11th August 1941: Received a very scrappy letter from Jim with no love, kisses etc. & lovely letter from Danny.
14th August: Frank’s ducks arrived. Tried unsuccessfully to write to Danny. I must do it tomorrow.
15th: Ma went to Derby & posted Danny’s letter on the way. Churchill & Roosevelt met in mid-ocean. Rained.
16th: Gracie gave a wonderful broadcast from the Albert Hall.
19th: Received a simply marvellous letter from my Jim. I adore him. Enclosed cutting about P[icture] P[ost] adopting 100 ABs & two naughty cartoons. Also a lovely letter from Danny. He is to be made a pilot. How awful. It seems to be a fight between Danny & Jim.
Reading Norah’s letters from his bunk in the North Sea, Jim senses this battle. ‘My Dear Norah’, he writes on 24th August, ‘You know your letters are the best I look forward to. It is most hard to refrain from writing love letters to you. Your socks I received from the comfort funds are the only ones I have ever had… You must have many admirers (why change your subjects) (sorry).’ This is another of his apologetic asides, as he suggests to Norah that she shouldn’t change horses mid-stream, trade in one brother for the other. ‘Yours Devoted ‘, he writes, ‘Danny Jim’.

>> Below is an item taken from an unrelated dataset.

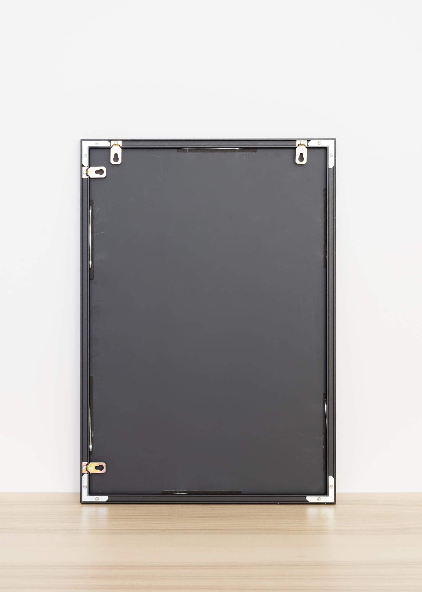 Lancer le sélecteur de cadre »Un miroir épuré au cadre en aluminium noir. Le miroir est équipé de supports muraux judicieux, ce qui le rend facile à accrocher.

At the end of August, amidst a mixture of other news, a concern not to presume too much and anxiety about his brother, Jim declares his hand:
I wish you would express your feelings and what is in your head when writing to me. It is only pen-friendship but I have fell in love with your pen, should I or may I. The photo you sent me to look at in bridesmaid’s clothes is still in my memory and often when we are on the ocean I have your pretty face in my vision “dimples” and I can face my danger or difficulties without flinching. I must say you are very kind because I have no right in being so familiar, your letters have always been interesting and never away from platonic friendship. Please darling never hesitate in writing what you think. I hope you ignore the saying about sailors because this one do care. I expect my loving brother’s letters are more interesting only my schooling was neglected.
As Norah prepares to meet Danny, Jim fears she’ll prefer his better educated, more socially easy airman brother. He wants affirmation that their relationship is special. Familiar with the stereotype of sailors, he is keen to refute the image of the carefree Jack the Lad. He is working hard at being patient, taking care not to put her off, trying to reel her in.
Into September, the tempo continues to build. As Norah receives the news that she has passed the Oxford School Certificate exams and can now apply for a clerical job with the LMS Railway in Derby, Jim writes more fequently. Even when he has little to say, the important thing is to keep the letters coming, to stay in her thoughts.
1st September: Oxford results: I’ve passed. Received letter & photo from my sweetheart. I’m absolutely crazy about him. Also one from Danny, who says he too is fond of me. I like him a lot.
2nd: Received letter from Station. Auntie Mabel & Uncle Roadley came. I’m still in love with —-
3rd: Replied to Danny.
‘I’m still in love with’: the certainty of it, petering out into a teasing, secretive dash.